### Recorded data
########
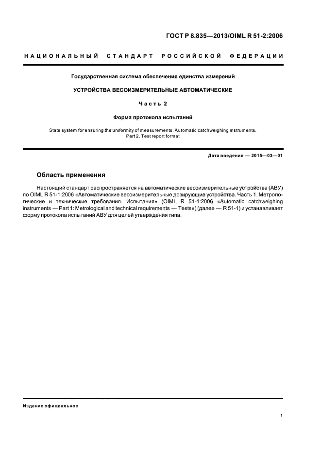 Настоящий стандарт распространяется на автоматические весоизмерительные устройства (АВУ) по OIML R 51-1:2006 «Автоматические весоизмерительные дозирующие устройства. Часть 1. Метрологические и технические требования. Испытания» (OIML R 51-1:2006 «Automatic catchweighing instruments. Part 1. Metrological and technical requirements - Tests») и устанавливает форму протокола испытаний АВУ для целей утверждения типа
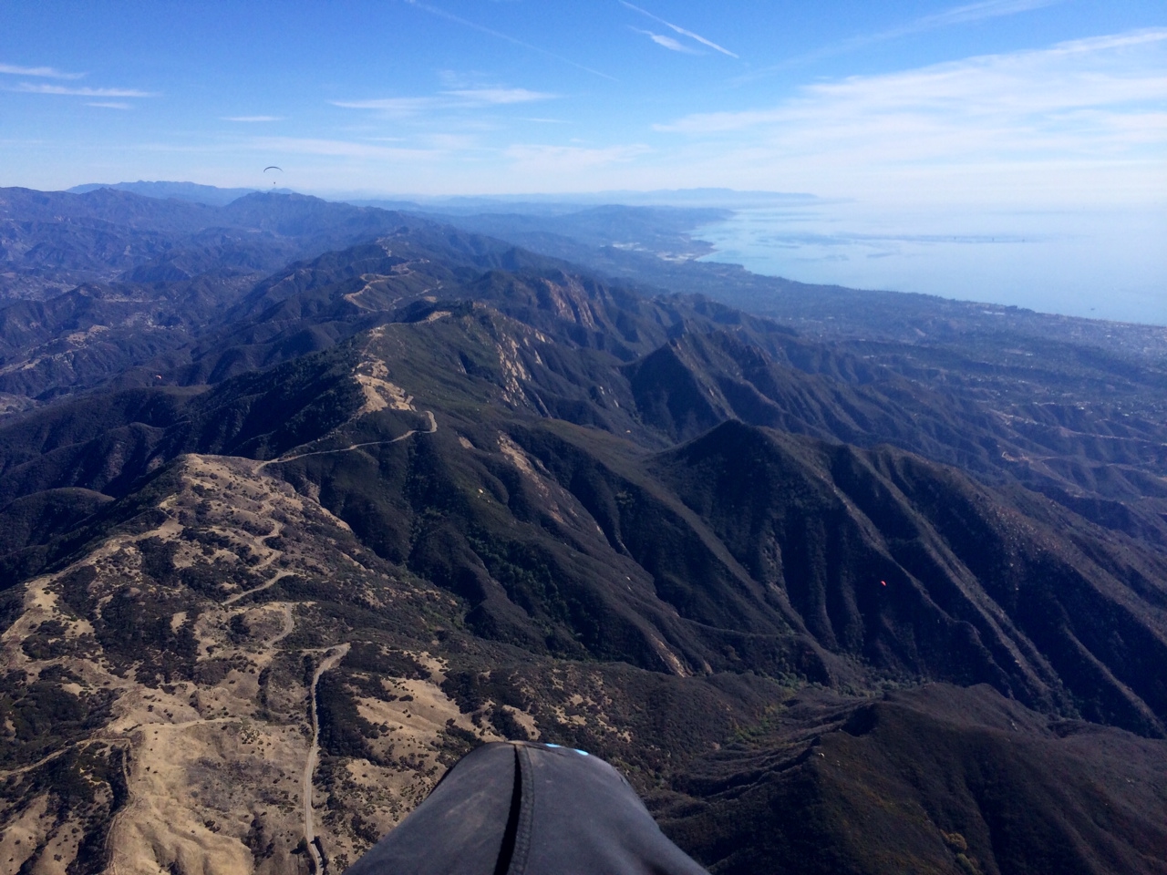 Arrived at the T to see a full van load of pilots and more cars pulling up, Rich jumped in with Dilly and I and we were off to the VOR. Good cycles coming up when we arrived and I was off first, followed by Chad, (I think he drove his own car too) Rich, and Dilly. Struggled a bit at first, but I found a smooth core to 5400. Chad took off eastbound while I waited for Dill. We left with 5200 heading eastbound to No Name, (but no love), so we kept going, arriving at West Bowl slightly above the top. It was pretty weak. Got stuck in front and below WB for 1/2 hr. then finally got above and benched back to the Alternator. Met up with Bart @ La Cumbre where we got back up above 5K. Hit more east wind on glide to the RR so we just kept pushing on to the Thermal Factory. We could see Timmayy and Aaron pretty low @ Cito so decided to follow Ron out to East Beach. Packed up on the grass with Ron, Benson, OJ, Bart and Max. Got a ride to Parma with Max and Lauren (thanks Lauren!), then Bart boosted us up to the VOR for car retrieve (thanks Bart!). Finished off the day with Tacos for lunch. What a great day of flying with friends, and a personal best flight for Dilly in SB!
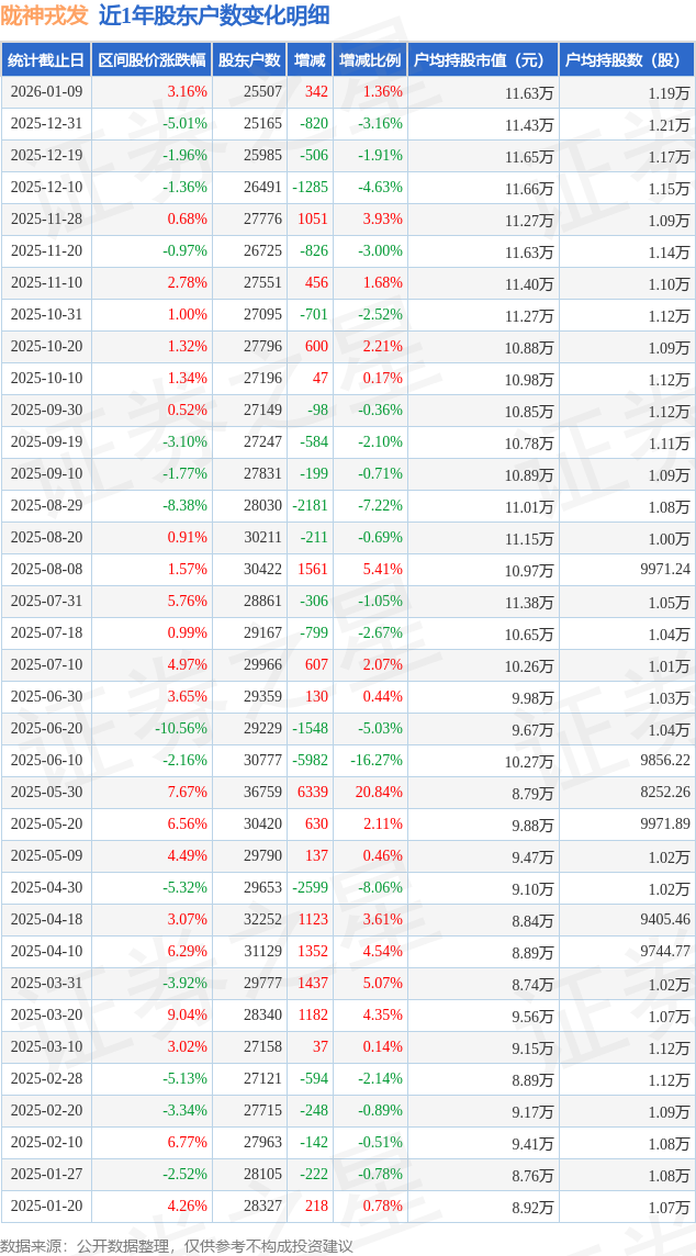 证券之星消息,近日陇神戎发披露,截至2026年1月9日公司股东户数为2.55万户,较12月31日增加342.0户,增幅为1.36%。户均持股数量由上期的1.21万股减少至1.19万股,户均持股市值为11.63万元。
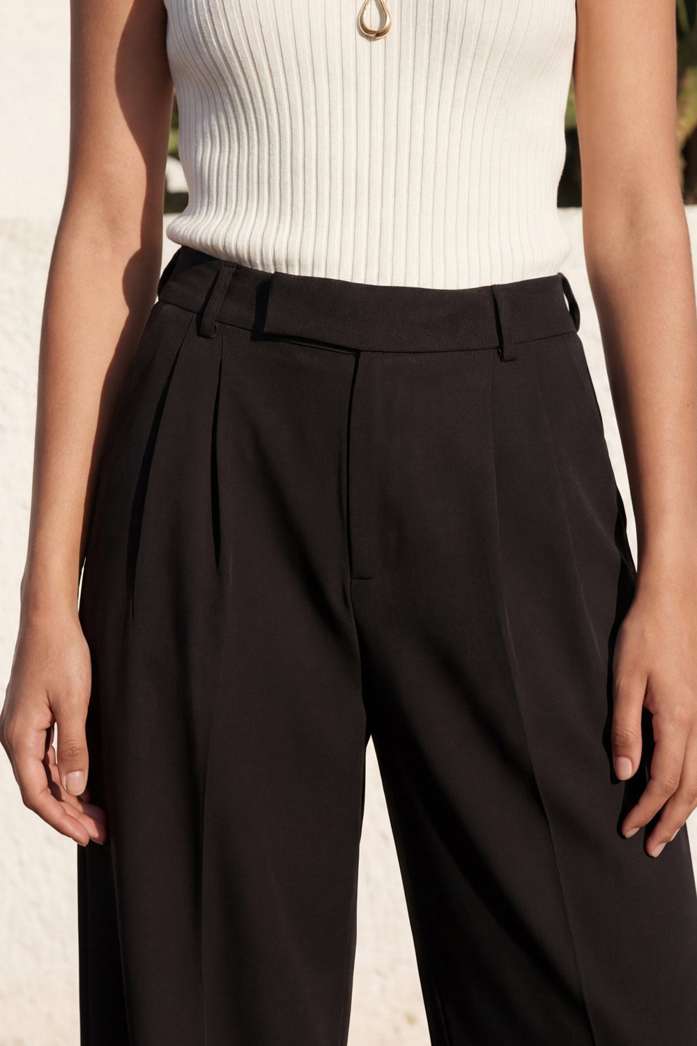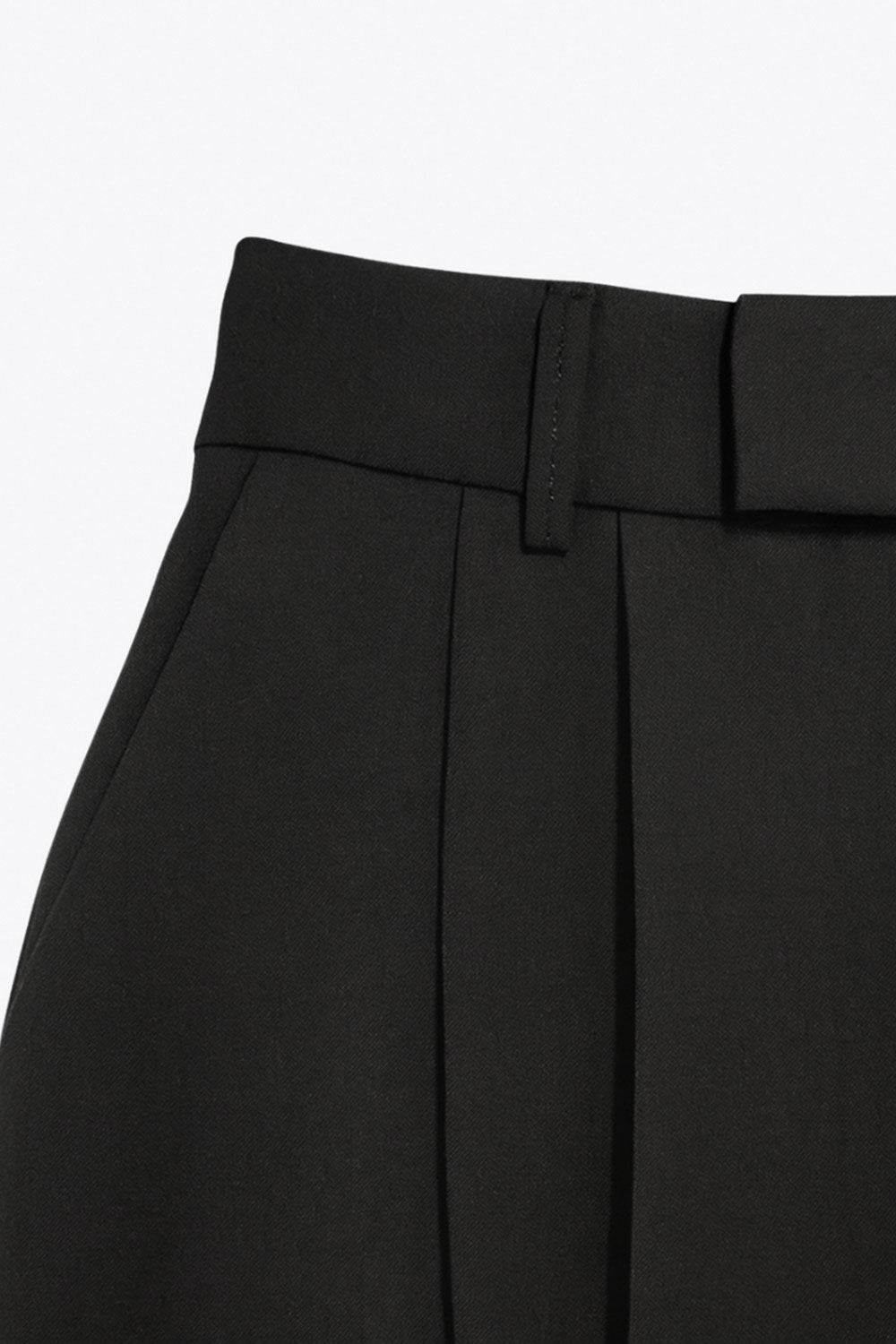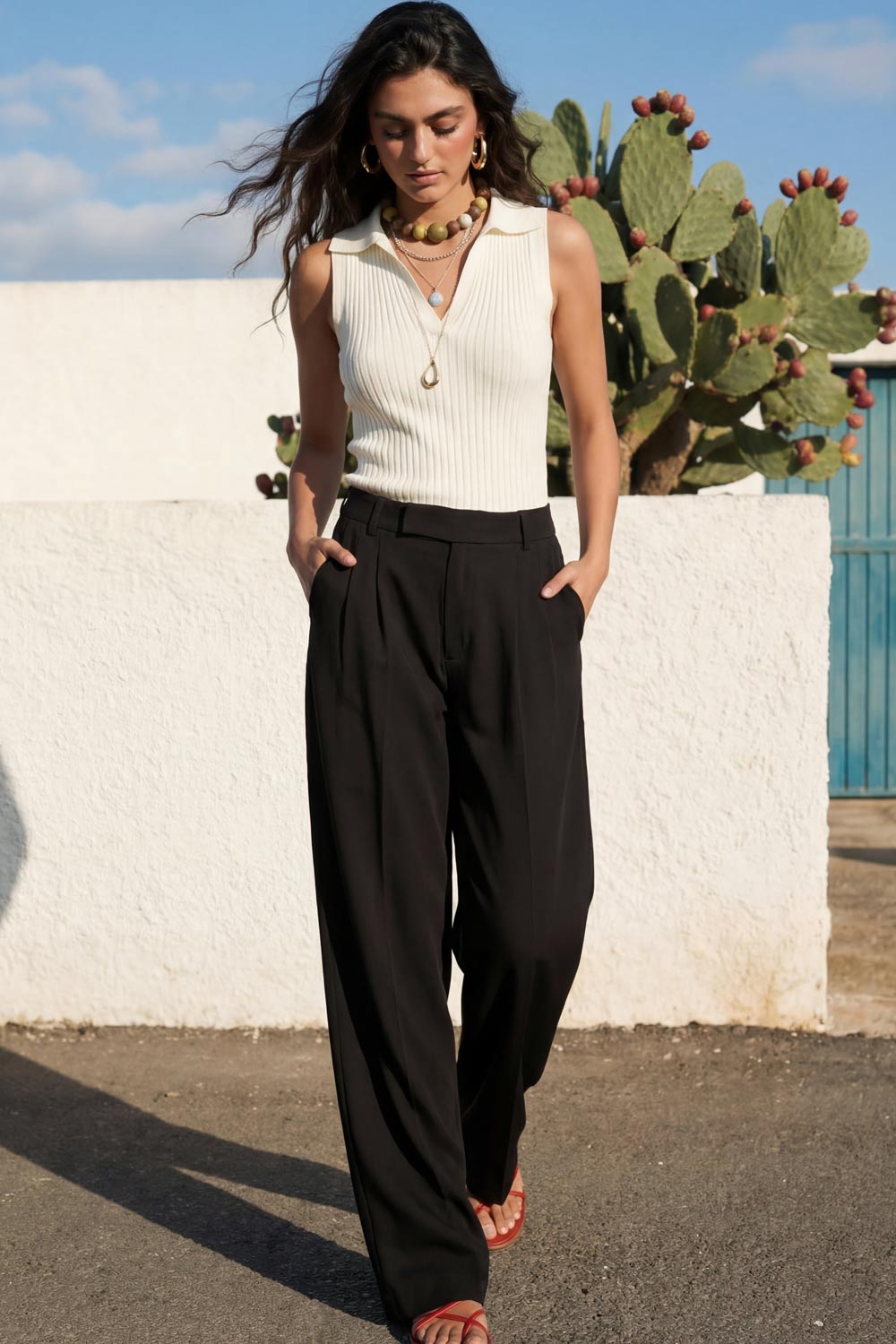 Pantalón de fit wide leg, cintura alta con pretina elástica posterior y trabillas, pinzas frontales, bolsillos delanteros y vivo decorativo posterior. Cierre frontal con broche y cremallera ocultos. Detalle de raya frontal y posterior.
########
### Task prompt
Transcribe all of the material exactly and leave out its pictures.

### Written response
 Настоящий стандарт распространяется на автоматические весоизмерительные устройства (АВУ) по OIML R 51-1:2006 «Автоматические весоизмерительные дозирующие устройства. Часть 1. Метрологические и технические требования. Испытания» (OIML R 51-1:2006 «Automatic catchweighing instruments. Part 1. Metrological and technical requirements - Tests») и устанавливает форму протокола испытаний АВУ для целей утверждения типа
 Arrived at the T to see a full van load of pilots and more cars pulling up, Rich jumped in with Dilly and I and we were off to the VOR. Good cycles coming up when we arrived and I was off first, followed by Chad, (I think he drove his own car too) Rich, and Dilly. Struggled a bit at first, but I found a smooth core to 5400. Chad took off eastbound while I waited for Dill. We left with 5200 heading eastbound to No Name, (but no love), so we kept going, arriving at West Bowl slightly above the top. It was pretty weak. Got stuck in front and below WB for 1/2 hr. then finally got above and benched back to the Alternator. Met up with Bart @ La Cumbre where we got back up above 5K. Hit more east wind on glide to the RR so we just kept pushing on to the Thermal Factory. We could see Timmayy and Aaron pretty low @ Cito so decided to follow Ron out to East Beach. Packed up on the grass with Ron, Benson, OJ, Bart and Max. Got a ride to Parma with Max and Lauren (thanks Lauren!), then Bart boosted us up to the VOR for car retrieve (thanks Bart!). Finished off the day with Tacos for lunch. What a great day of flying with friends, and a personal best flight for Dilly in SB!
 证券之星消息,近日陇神戎发披露,截至2026年1月9日公司股东户数为2.55万户,较12月31日增加342.0户,增幅为1.36%。户均持股数量由上期的1.21万股减少至1.19万股,户均持股市值为11.63万元。
 Pantalón de fit wide leg, cintura alta con pretina elástica posterior y trabillas, pinzas frontales, bolsillos delanteros y vivo decorativo posterior. Cierre frontal con broche y cremallera ocultos. Detalle de raya frontal y posterior.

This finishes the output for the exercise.